> **Task details**:
Take the line containing "AB = AE / cos30°" through the last line of the data and retype those lines exactly. Pictures do not belong in the copy.

[Dataset excerpts]
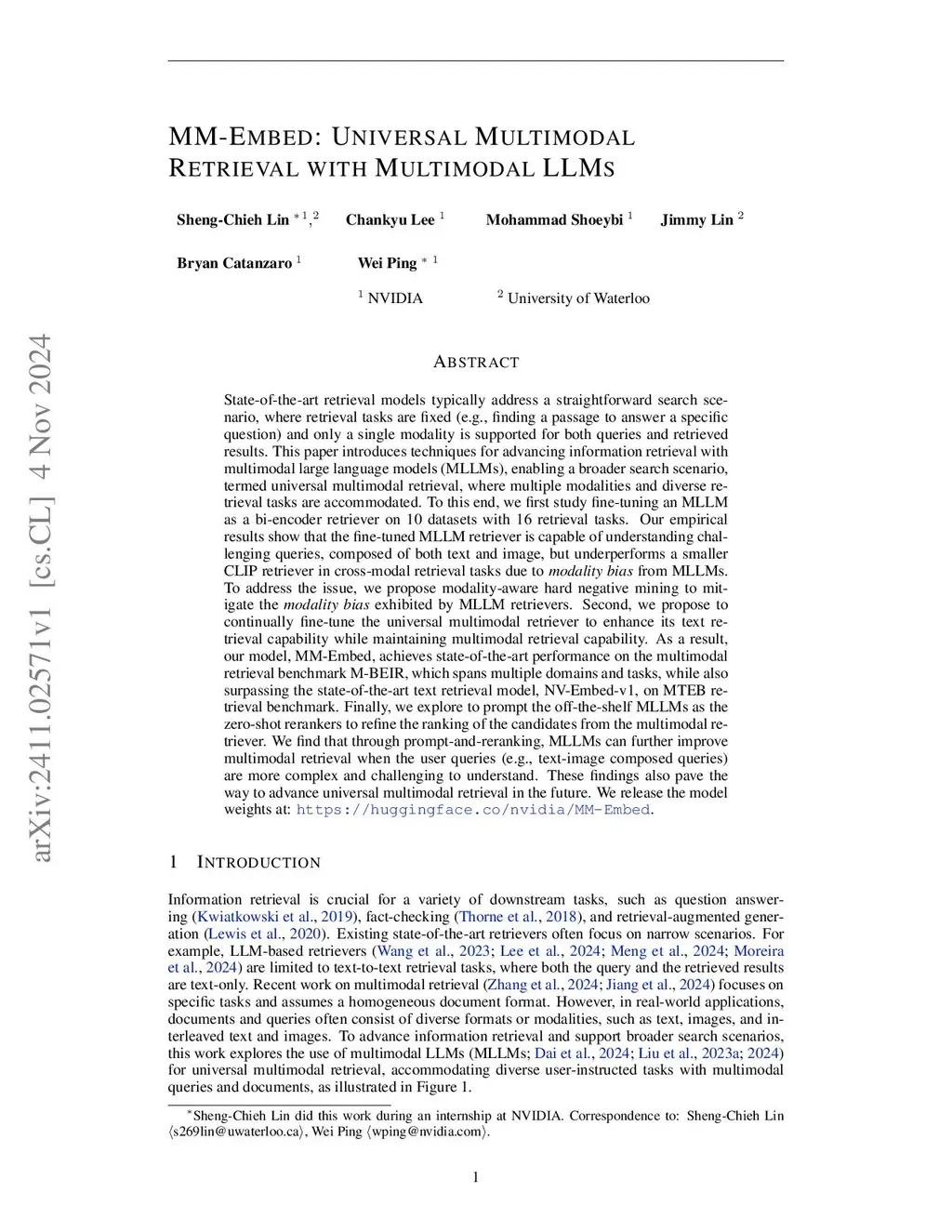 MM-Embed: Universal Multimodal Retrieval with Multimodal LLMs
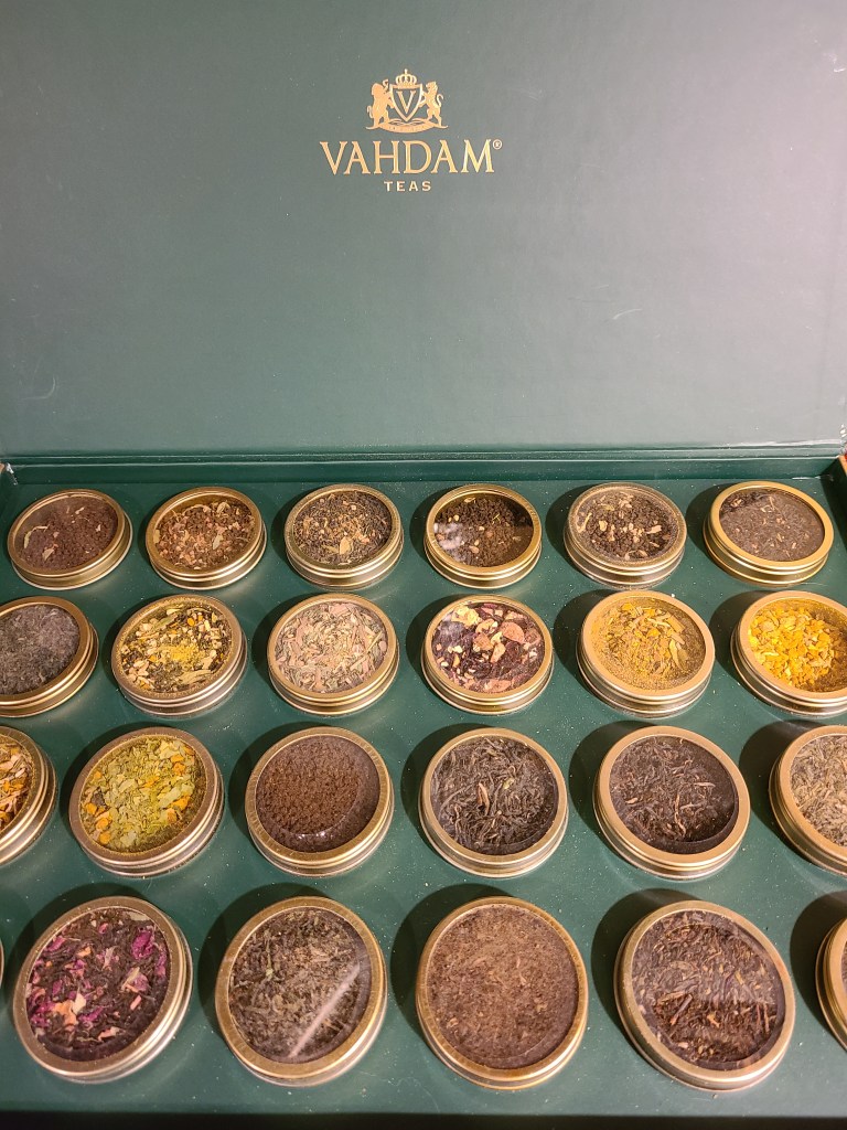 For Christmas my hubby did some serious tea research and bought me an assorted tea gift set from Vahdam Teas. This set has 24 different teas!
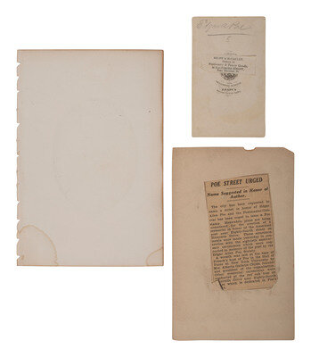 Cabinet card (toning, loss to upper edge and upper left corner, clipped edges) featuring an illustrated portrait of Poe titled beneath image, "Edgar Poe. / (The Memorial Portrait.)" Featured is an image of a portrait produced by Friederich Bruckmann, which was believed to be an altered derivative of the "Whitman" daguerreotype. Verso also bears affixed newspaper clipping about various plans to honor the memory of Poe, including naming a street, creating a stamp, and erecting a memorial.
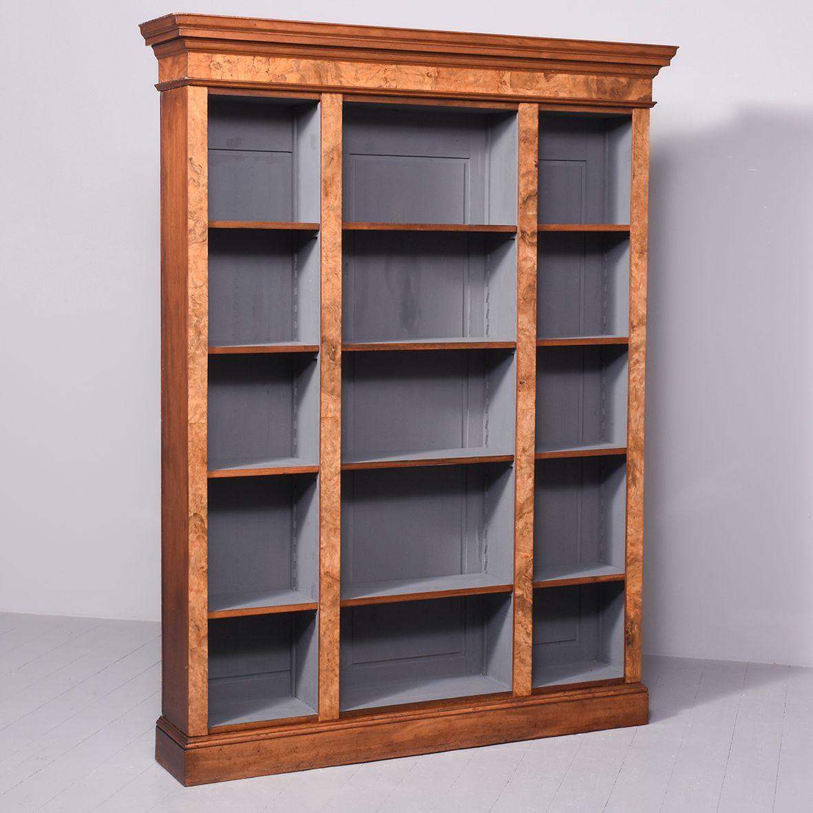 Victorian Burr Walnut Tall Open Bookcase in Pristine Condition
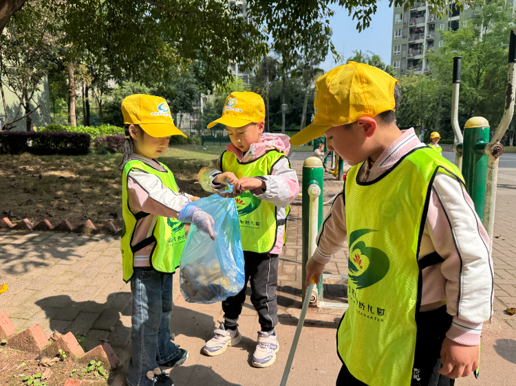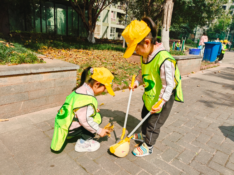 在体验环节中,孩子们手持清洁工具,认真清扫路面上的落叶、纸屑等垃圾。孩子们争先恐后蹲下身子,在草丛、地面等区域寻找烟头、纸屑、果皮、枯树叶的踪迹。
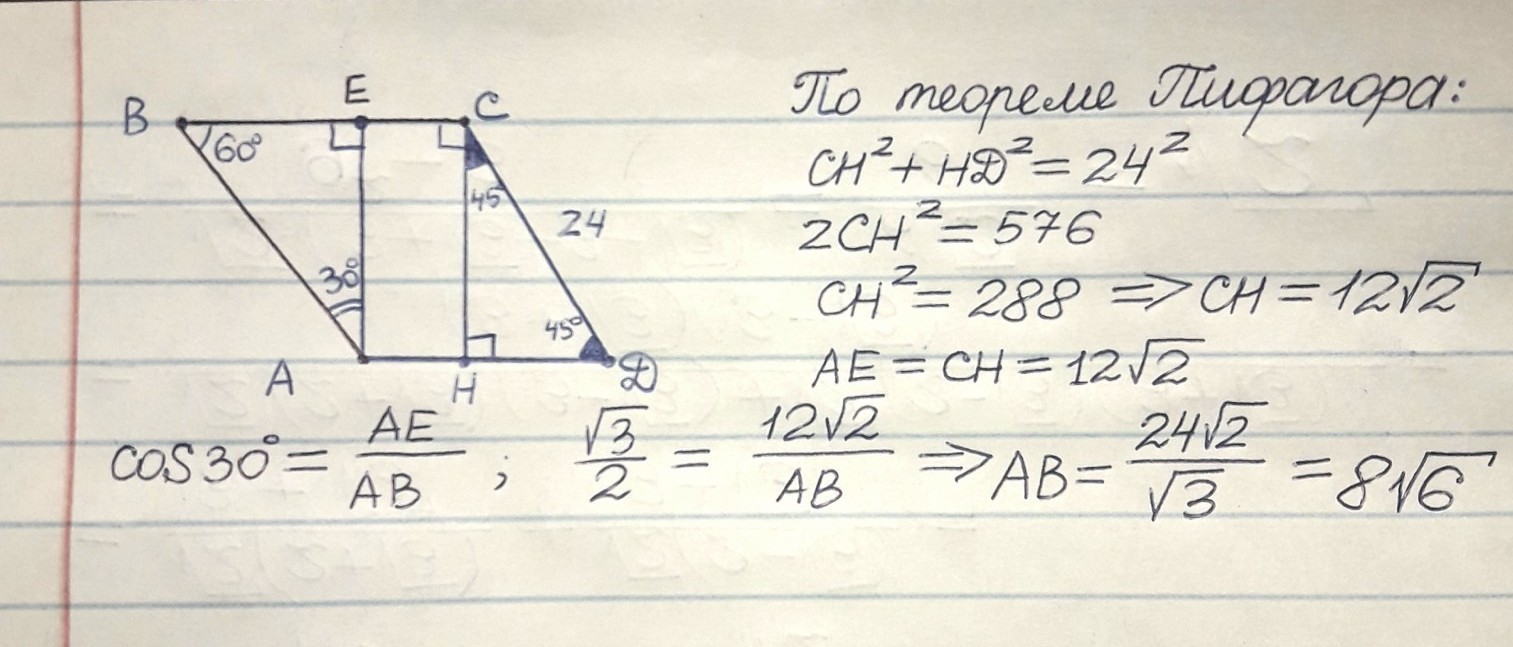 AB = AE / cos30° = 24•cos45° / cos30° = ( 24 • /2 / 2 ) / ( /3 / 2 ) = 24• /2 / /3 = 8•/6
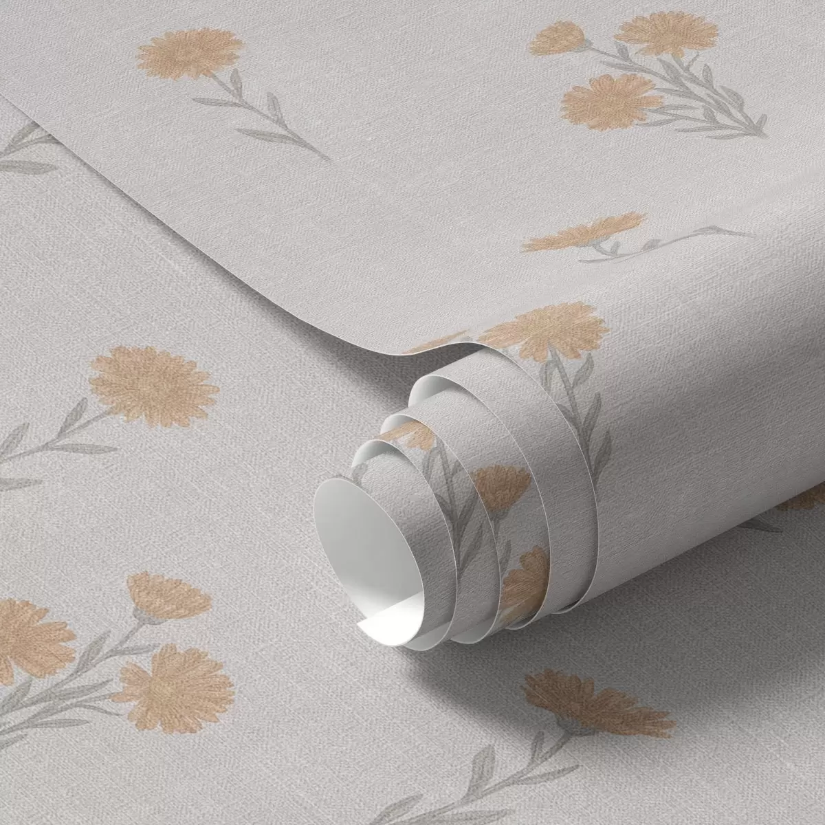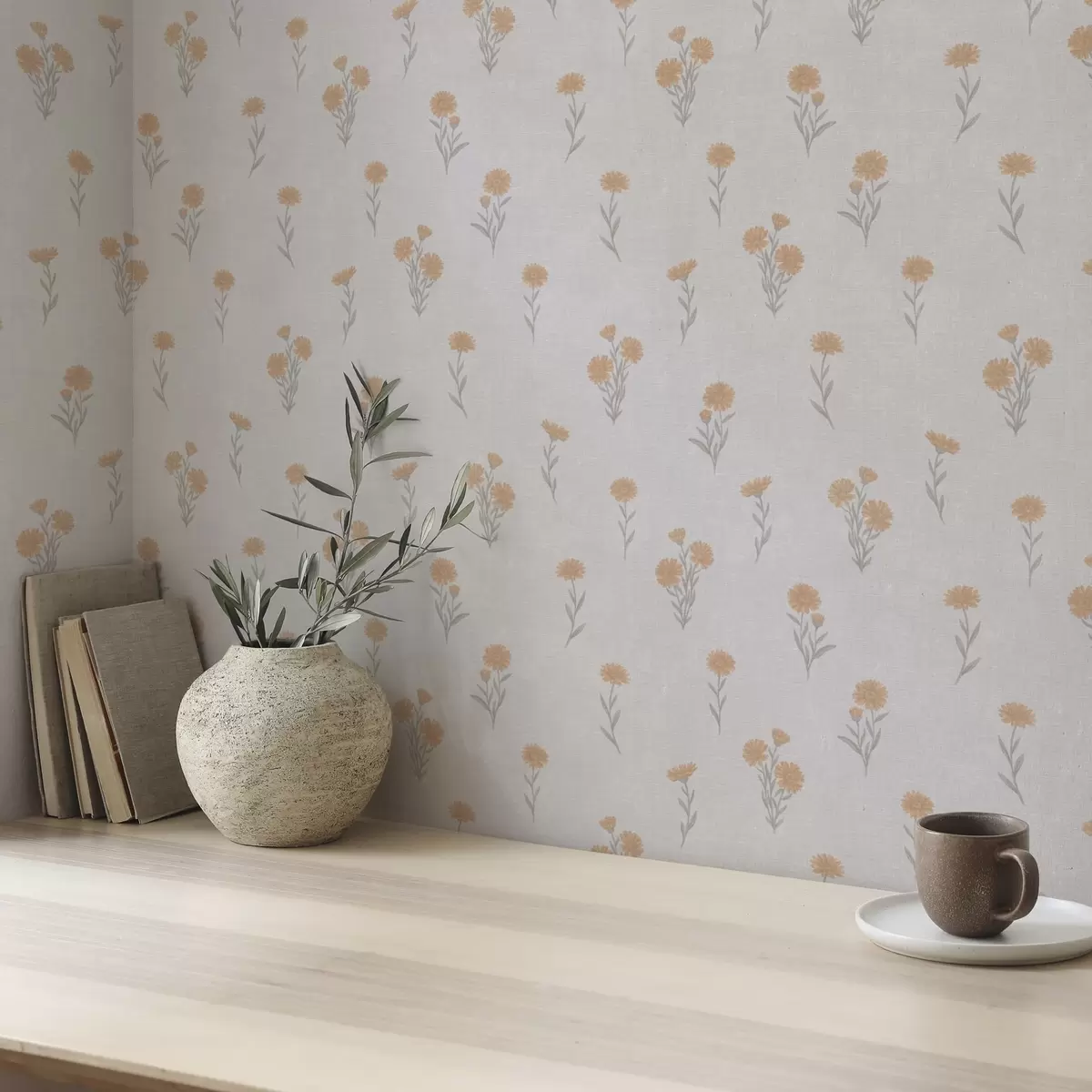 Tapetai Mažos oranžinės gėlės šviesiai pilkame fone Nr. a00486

> **Response box**:
 AB = AE / cos30° = 24•cos45° / cos30° = ( 24 • /2 / 2 ) / ( /3 / 2 ) = 24• /2 / /3 = 8•/6
 Tapetai Mažos oranžinės gėlės šviesiai pilkame fone Nr. a00486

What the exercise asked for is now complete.